المفاهيم الأساسية
The proposed Meta-SpikeFormer architecture achieves state-of-the-art performance in the spiking neural network domain, surpassing current baselines by a significant margin while maintaining low power consumption. It is the first direct training spiking neural network backbone that can handle classification, detection, and segmentation tasks concurrently.
الملخص
The paper proposes a meta spiking neural network architecture called Meta-SpikeFormer, which aims to address the limitations of current spiking neural network (SNN) designs.

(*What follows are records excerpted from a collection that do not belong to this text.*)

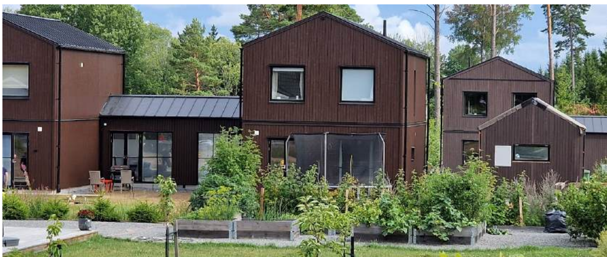
Bild från det nybyggda området i Sanda i Sorunda.

Vi vill utreda möjligheterna att öppna skolorna i Stora Vika och Fagervik. Efter stängningen av dessa skolor har det nu blivit för trångt i Kyrkskolan. Det är inte acceptabelt med 31 elever i Förskoleklass. Det finns inte grupprum och klassrummen räcker inte till. Planering behöver också startas för var eleverna som flyttar in i Sanda, Hoxla, Gudby, Valsta, Lyngsta, Segersäng, Källberga, Ösmo och Nynäshamn ska gå i skolan. Bara i Sorunda är 120 nya bostäder byggda eller under byggnation, de flesta villor, vilket gör att det blir många barnfamiljer som flyttar in. Trots detta har 450 elevplatser tagits bort från Sorunda under de senaste åren.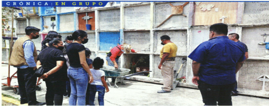
QUÉ TIEMPOS. En los momentos más críticos, hasta los músicos tenían que ayudar a cerrar gavetas.

A los trabajadores del panteón de Neza les preocupa el exceso de confianza de algunos deudos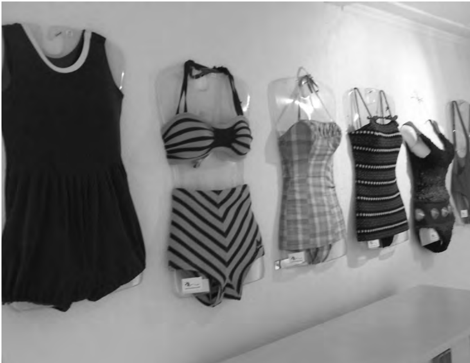
Deel badpakkenlijn van collectie 1850 tot heden.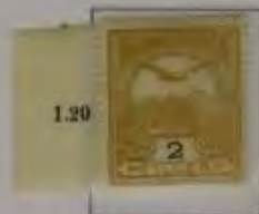
2 Filler olivegelb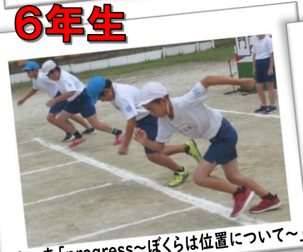
70m 走「progress～ぼくらは位置について～」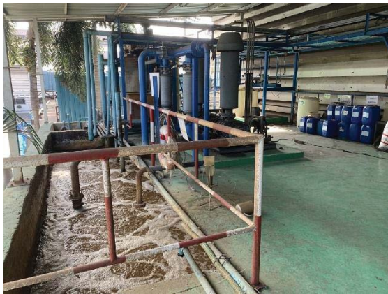
ภาพที่ 9 ระบบบำบัดน้ำเสียทางชีวภาพแบบตะกอนเร่ง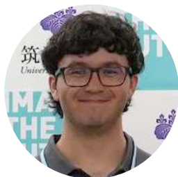
オハイオ州立大学 / 文理学部 OSU / College of Arts and Sciences

Experiencing judo and kyudo was a valuable cultural immersion through which I learned respect, traditions, and honor in each respective discipline. One extremely memorable event was joining the activity class with the physical education undergraduate students. As a PhD student studying physical education, this experience was extremely valuable to me. Through collaboration, we strengthened our bonds, and the friendships I made are ones I will cherish for my lifetime and will serve as the beginning of collaborations in research and education.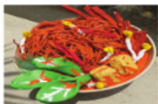
Contoh replika makanan yang disediakan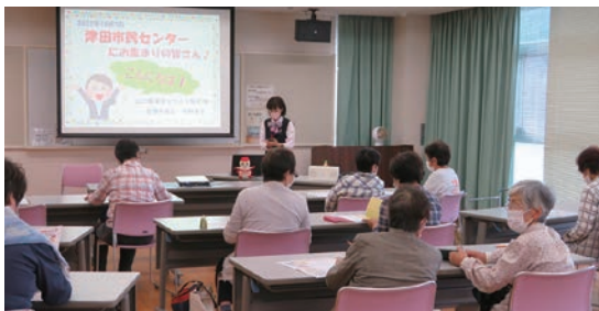
「フレイルを予防して、健康寿命を延ばしましょう！」※フレイルとは、加齢により心身が衰えた状態

最後に「人との繋がり（かわり）は、運動をすることよりも寝たきりのリスクを下げる」というお話があり、地域や人との繋がりの大切さを改めて考えさせられました。

The key highlights are:
Architecture Design:
The overall architecture follows a general vision transformer structure, with both Conv-based and Transformer-based SNN blocks.
The Conv-based SNN blocks use spike-driven separable convolution and channel-wise convolution, while the Transformer-based SNN blocks employ a novel Spike-Driven Self-Attention (SDSA) operator.
The architecture includes a pyramid structure to capture multi-scale features, and various shortcut connections are explored.
Performance Achievements:
On ImageNet-1K classification, Meta-SpikeFormer achieves 80.0% top-1 accuracy, surpassing the previous state-of-the-art SNN baseline by 3.7% with 17% fewer parameters.
Meta-SpikeFormer is the first direct training SNN backbone that can handle classification, object detection, and semantic segmentation tasks concurrently, achieving state-of-the-art results in the SNN domain.
Versatility and Efficiency:
The proposed architecture demonstrates high versatility, performing well on various vision tasks including image classification, event-based action recognition, object detection, and semantic segmentation.
The spike-driven design and SDSA operator enable Meta-SpikeFormer to achieve significant power efficiency compared to traditional ANN counterparts.
Inspiration for Neuromorphic Chip Design:
The meta architecture, SDSA operator, and hybrid Conv+Transformer design of Meta-SpikeFormer provide valuable insights for the development of future Transformer-based neuromorphic chips.
In summary, the Meta-SpikeFormer architecture represents a significant advancement in the SNN domain, pushing the boundaries of performance, versatility, and efficiency, while also inspiring the next generation of neuromorphic computing hardware.
الإحصائيات
The paper reports the following key metrics:
ImageNet-1K classification accuracy:
Meta-SpikeFormer (55M parameters): 80.0%
Spike-driven Transformer (66M parameters): 76.3%
MS-Res-SNN (77M parameters): 75.3%
Power consumption on ImageNet-1K:
Meta-SpikeFormer (55M, T=4): 52.4 mJ
Spike-driven Transformer (66M, T=4): 6.1 mJ
MS-Res-SNN (77M, T=4): 10.2 mJ
Object detection mAP@0.5 on COCO:
Meta-SpikeFormer (75M): 51.2%
EMS-Res-SNN (14.6M): 50.1%
Semantic segmentation mIoU on ADE20K:
Meta-SpikeFormer (58.9M, T=4): 35.3%
PVT-Small (28.2M): 39.8%
اقتباسات
"Meta-SpikeFormer enables the performance of the SNN domain on ImageNet-1K to achieve 80% for the first time, which is 3.7% higher than the current SOTA baseline but with 17% fewer parameters (55M vs. 66M)."
"To the best of our knowledge, Meta-SpikeFormer is the first direct training SNN backbone that can handle image classification, object detection, semantic segmentation concurrently. We achieve SOTA results in the SNN domain on all tested datasets."